Steamboat Springs birders report record-setting bird count
Steamboat Springs — Frigid temperatures didn’t stop local birders from counting a record 4,817 birds Saturday during the 11th annual Audubon Christmas Bird Count.
“Sometimes, when the weather is the worst, the birding is the best,” said Tom Litteral, a coordinator for the count, which is organized by the Yampa Valley Birding Club and Yampatika.
Litteral said 24 birders identified 42 species of birds, including many robins, rosy-finches, a Wilson’s snipe and a Lapland longspur, a particularly rare bird to see in Routt County.
One highlight of the count was a flock of a few hundred Bohemian waxwings, a bird typically found in the northern forests of Canada.
“It’s a bird that’s only around here in the wintertime, and some years, we never see them at all,” said Tresa Moulton, an avid birder who has participated in the local count since it began.
Moulton said the flock was perched on several trees next to a house on Anglers Drive and included about 10 percent cedar waxwings, a variation of the bird.
Litteral described the birds as an irruption, which is a dramatic, irregular migration of large numbers of birds to an area in which they aren’t typically found.
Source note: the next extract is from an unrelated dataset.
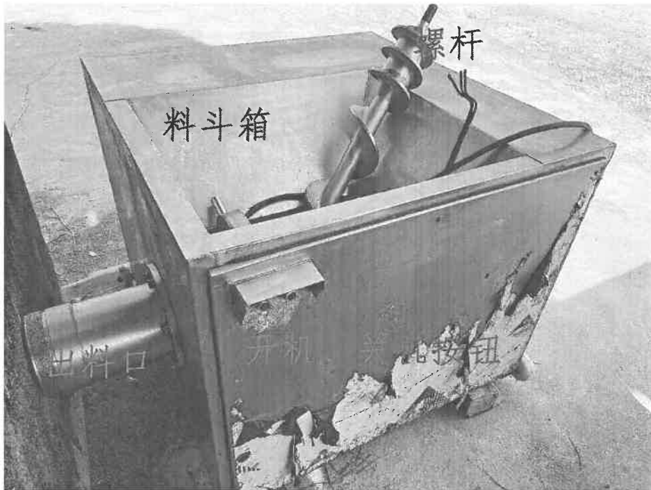
图 4 涉事设备 [11]

原料倒入倒梯形料斗箱，依靠螺杆将料斗箱中的原料推到预切板处，通过螺杆的旋转挤压，同时孔板与绞刀相对运转，使原料形成颗粒状并从出料口输出。

“That’s very special,” he said.
The 4,817 birds counted Saturday was up from 2,841 last year and 2,300 in 2013.
Litteral said the cold weather may have led to more birds congregating in expected areas, which could have led to the record-setting count. He said the group was also fortunate to have knowledgeable volunteers.
“What was really exciting for us was the outstanding effort of one team led by Jason Szyba, along with Tatiana Achcar and McKenzie Brown,” Litteral said. “This trio found, identified and counted nearly 1,500 birds. This kind of passion, expertise and energy was exceptional. I wish we had more young birders like them in our area.”
The count takes place in a 15-mile radius around Emerald Mountain, with birders splitting up to cover the territory and additional feeder watcher volunteers reporting from home.
The count was one of about 50 similar counts throughout Colorado Saturday, all part of the 117th annual Audubon Citizen Science Project, which incorporates about 2,300 counts across the United States. The data allows researchers, conservation biologists and others to study bird populations nationwide.